Za Pana czasów derbami regionu były określane mecze z różnymi zespołami.
Jeśli chodzi o derby Dolnego Śląska, to wcześniej była głównie rywalizacja z Górnikiem Wałbrzych. Były to mecze zawsze zacięte, na które przychodziło dużo kibiców. Na Oporowskiej pojawiało się sporo kibiców gości, co dodawało dodatkowej motywacji przeciwnikom. Wydaje mi się, że wtedy w derbach jednak sobie z reguły dobrze radziliśmy. Pamiętam, że pod koniec lat 80. gdy Zagłębie awansowało do ówczesnej pierwszej ligi, to w meczu w Lubinie wygraliśmy wysoko [3:0 – dop. red.].
Za czasów tamtego Śląska derby były meczami o dodatkowym ciężarze gatunkowym?
Przede wszystkim media lokalne poświęcają takim meczom więcej miejsca, co oddziałuje w pewien sposób na zawodników i wpływa na większą mobilizację. Chociaż derby to w przekroju całego sezonu tak samo ważny mecz, jak inne, to jednak to słowo „derby” wyzwalają większą zaciętość w grze i wydaje mi się, że podobnie może być w sobotę.
Zagłębie wygrało 5:0 w poprzedniej kolejce. Czy efekt nowej miotły może przysporzyć problemów Śląskowi?
Nowy trener nie prowadził jeszcze tego zespołu w ostatnim meczu, więc jakaś miotła zadziałała na pewno, ale jeszcze nie Martina Seveli. A mówiąc serio, to Śląsk jest obecnie w bardzo dobrej formie, gra zdecydowanie lepiej, niż w poprzednim sezonie. Widać, że sztab szkoleniowy podczas okresu przygotowawczego pracował nie tylko nad kwestiami motorycznymi, ale również nad taktycznymi. Wygląda to fajnie, przyjemnie ogląda się mecze Śląska w tym sezonie. Myślę, że Śląsk jest faworytem i wygra ten mecz.

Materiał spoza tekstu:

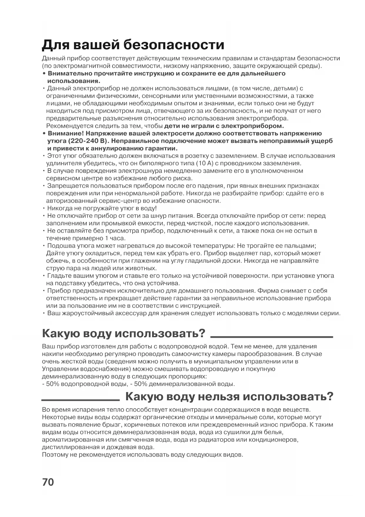 - Этот утюг обязательно должен включаться в розетку с заземлением. В случае использования удлинителя убедитесь, что он биполярного типа (10 А) с проводником заземления.
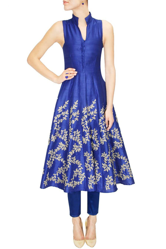 Amyra Dastur in Cobalt Blue Long Leaf Embroidered Dress with Fitted Pants
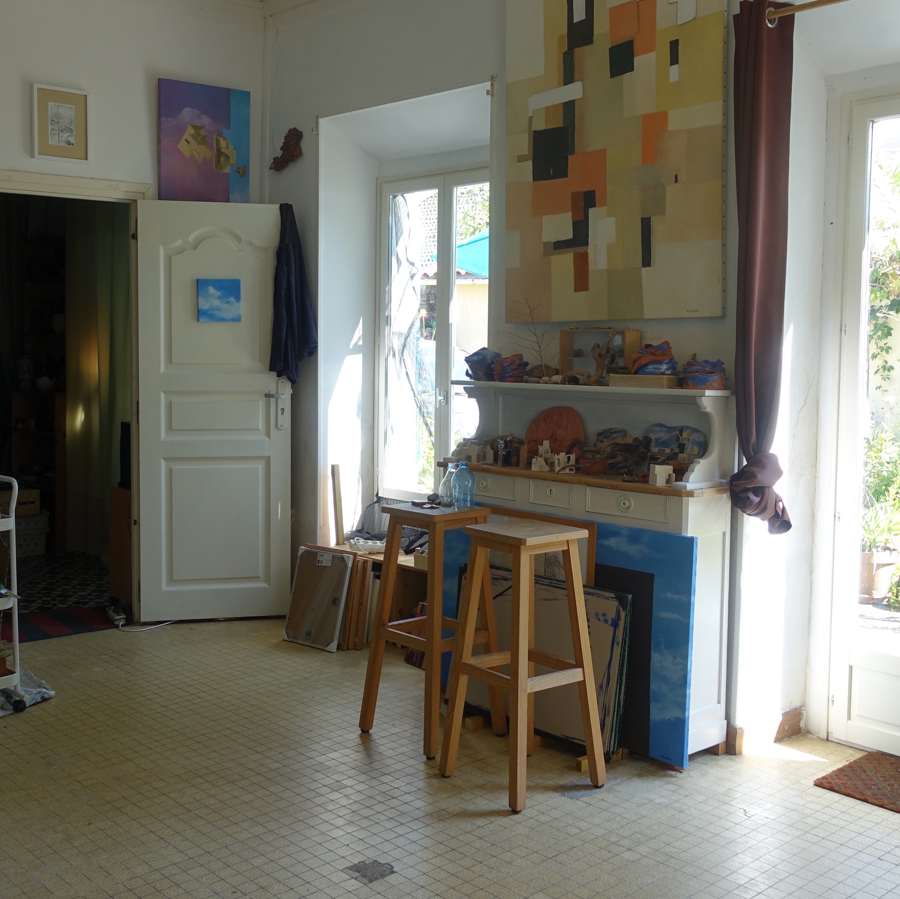 L’atelier, accessible depuis l’entrée extérieure, est logé dans le domicile de l’artiste.
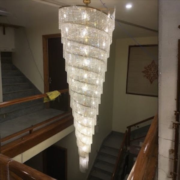 Magnificent grand spiral chandelier crafted with golden standard steel and premium K9 white crystals. A luxurious centerpiece ideal for living rooms, hotel lobbies, and banquet halls. https://jhoomerwala.wordpress.com/2021/10/26/our-new-project-in-jammu-kashmir-completed/
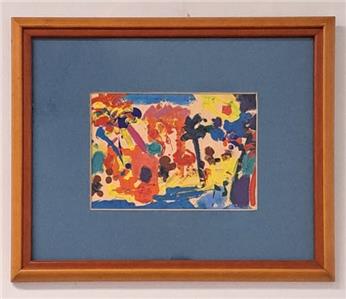 Overall dimensions of the frame are 13" x 10-3/4", the sight size of the frame is 9" x 11-1/4" and the sight size of the mat4-3/4" x 6-1/2". It is signed on back and reads "Pour Nos Amis Louise & John."
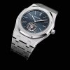 This new creation was actually unveiled to us in its original form last year at SIHH and is a slim and almost chic travel time watch. The home hours are shown as a number in a window where 11 O’clock would be and the away time in a similar aperture located where 5 O’clock would normally be. There is also a single thin, silvered hand protruding from the centre of the decorated dial which points to a retrograde minutes indicator spread across one part of the outer dial ring, diagonally opposite to the words Heure d’ici & Heure d’ailleurs (Time here and Time there). All three of these functions are set and adjusted through the single crown on the right which means that there aren’t any pushers to clutter up the case.

Spotkaliśmy się podczas ostatniego meczu sparingowego Śląska przed startem ligi – z Wartą Poznań na Oporowskiej. Widać, że zespół przez te dwa miesiące poczynił postęp?
Śląsk gra bardzo podobnie taktycznie, natomiast teraz gra toczona jest na nieco innych obrotach. W meczach ligowych gra jest szybsza i lepiej to wygląda, ale już w okresie przygotowawczym było widać, że gra jest ustawiona pod grę bokami – Broź i Stiglec włączają się mocno w ofensywie, gdzie miejsce im robią skrzydłowi – Płacheta, Musonda, czy inni pomocnicy. To jest system, który się sprawdza i na razie przeciwnicy nie mogą znaleźć na to antidotum.

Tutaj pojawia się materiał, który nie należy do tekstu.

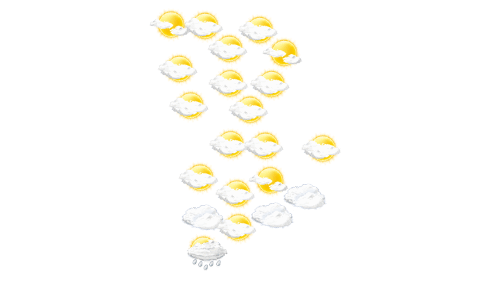 In Mbuji-Mayi ist am Morgen der Himmel bedeckt, die Sonne ist nicht zu sehen bei Werten von 21°C. Im weiteren Verlauf des Tages sind am Nachmittag und am Abend Teile des Himmels mit Wolken bedeckt, die Sonne ist aber zwischendurch sichtbar bei Temperaturen von 23 bis 30°C. In der Nacht ziehen Wolkenfelder durch bei Werten von 21°C.
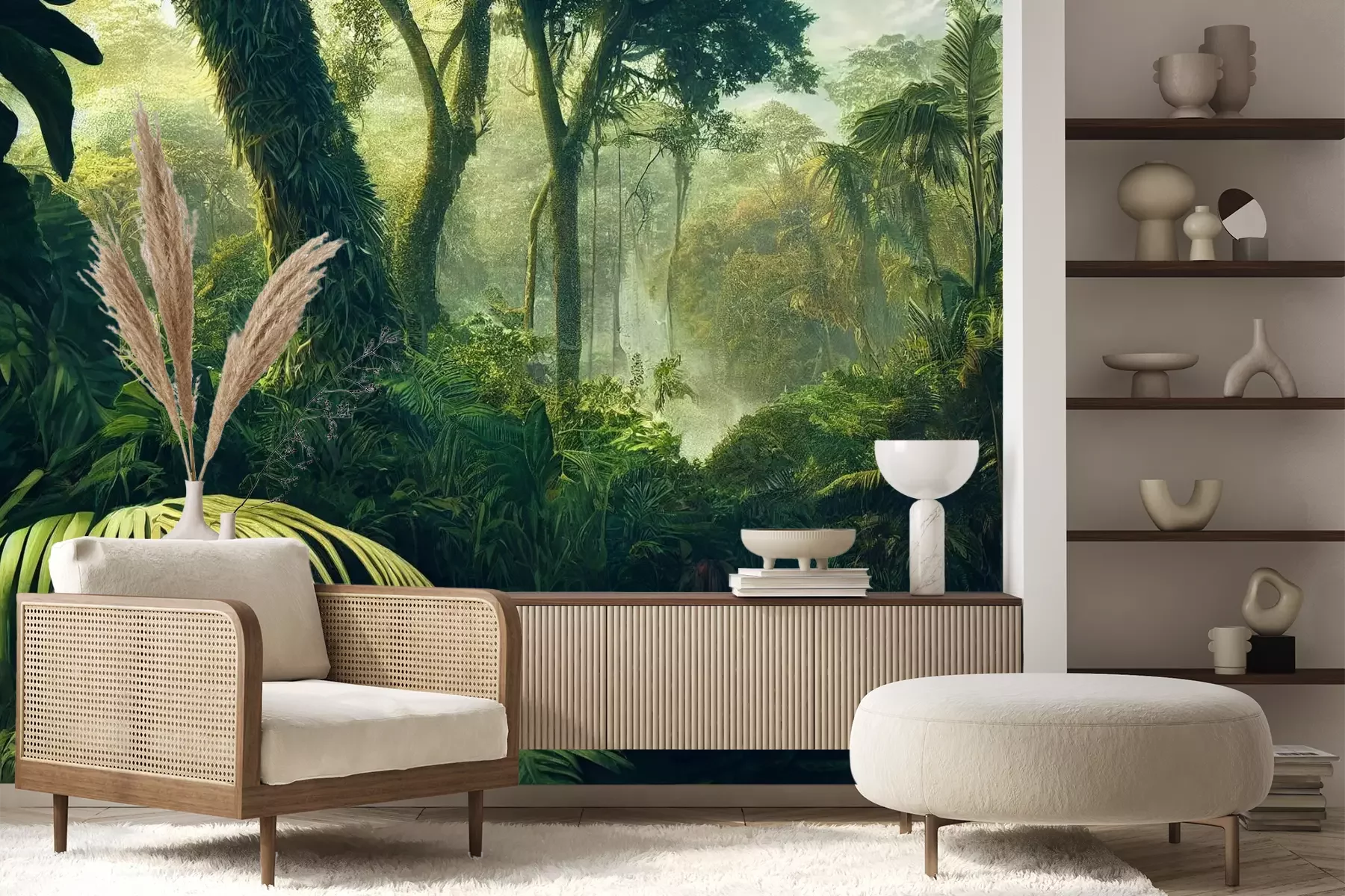Het materiaal Premium+ is een gestructureerd vinyl op vlies met een gewicht van 255 g/m², dat kleine oneffenheden in de muur effectief camoufleert. De subtiele structuur van fijn zand geeft het oppervlak een exclusieve uitstraling, terwijl de halfmatte afwerking de diepte van de kleuren benadrukt. Het materiaal is dampdoorlatend, waardoor het ook in de keuken en badkamer kan worden gebruikt. De maximale breedte van één baan bedraagt 100 cm – bij grotere afmetingen wordt het fotobehang in meerdere gelijke banen verdeeld. De lijm wordt direct op de muur aangebracht en het behang wordt rand-aan-rand geplakt, wat zorgt voor een esthetisch resultaat zonder zichtbare naden. Het oppervlak kan gemakkelijk worden schoongemaakt door het voorzichtig af te nemen met een vochtige doek.

Wspomniał Pan o Przemysławie Płachecie. Czy to gracz, który po tym sezonie może opuścić Wrocław?
Wydaje mi się, że jeszcze za wcześnie na transfer zagranicę. Najpierw powinien zaliczyć trochę meczów w ekstraklasie. Na razie zdobywa doświadczenie i ma jeszcze nad czym pracować, zanim nastąpi odpowiedni moment, aby spróbować swoich sił w innym miejscu.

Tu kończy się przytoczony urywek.